Thursday, November 26, 2020

interviews & ethnography; cf. the graffiti one

Oldenhof, L., Postma, J., & Putters, K. (2014). On justification work: How compromising enables public managers to deal with conflicting values. Public Administration Review, 74(1), 52-63. doi:10.1111/puar.12153

§

This one did a good job explaining objects. 

It also dealt with the fact that a compromise can take place within the same OOW? Or rather, that conflict can arise within the same OOW. See the graffiti article I think.

You kept thinking of Ahmed and "diversity work."

Sustainability. This one also has a so what? answer. 
Although previous research has shown that value conflicts can be avoided by creating a separation or "firewall" (Jacobs 1994; Stewart 2006; Thacher and Rein 2004), it is questionable whether decoupling mechanisms are sustainable in the long run (Haack, Schoeneborn and Wickert 2012; Sandholtz 2012; Steenhuisen 2009). The empirical analysis suggests that public managers can use compromises as a more durable strategy to cope with value conflicts, which broadens the scope of the strategies described so far in the literature, such as cycling, firewalls, and bias (Stewart 2006; Thacher and Rein 2004). 

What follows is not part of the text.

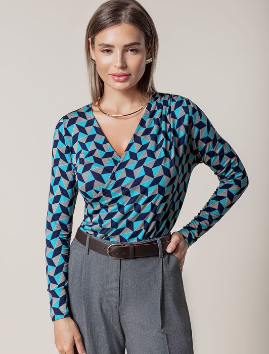 Состав: 95%Вис 5%ПУ Параметры модели на первом фото: Рост 170, бюст 89, талия 63, бедра 92Блузка на запАх сшита из трикотажной вискозы с эластаном. Ассиметричный крой и геометрический принт, подчеркнут сборкой на левом плече. Мягкое полотно как вторая кожа, безупречно ложится по фигуре. Подчеркивает достоинства и скрывает неровности.
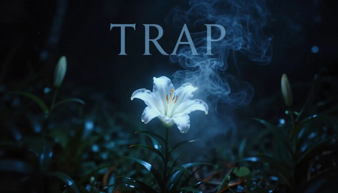 – an ethereal garden setting with a dark, mysterious, and atmospheric tone

Very Spinuzzi-ish, in a way in the qualitative research sense. 

You keep coming back to how clunky this framework is. It gives the research a task, gives him something to look for (it's a schema), but you end up reading what you started with. It's like you're closely reading yourself. 

You seriously said this in an email to Spinuzzi. 
However, Boltanski and Thévenot note that "the competence to make an agreement is not a uniquely linguistic competence" (2000, 212). People also make compromises with the construction and arrangement of objects. Objects are important as "every principle of justice is associ ated with a universe of objects that constitute a coherent world" (Boltanski and Thévenot 2000, 213). They have the potential to tie ill-suited elements together and solidify compromises. For example, Thévenot (2002) shows that compromises between market, civic, and domestic justifications can be incorporated in the design and construction of a new road.

Their interview questions weren't too intense. They seemed to be reading justifications out of normal language. 

Objects. 
When justifying, people "extract themselves from the immediate situation and rise to a level of generality' (Boltanski and Thévenot 2000, 213). In this process, people attach certain worth to persons and objects. For example, an object such as a house can be endowed a different worth in each justification. The justification of the market sees a house as a good that can be traded for money, whereas the domestic justification sees it as a place where family life takes place. Similarly, people can be endowed with different values, such as consumers, citizens, or producers.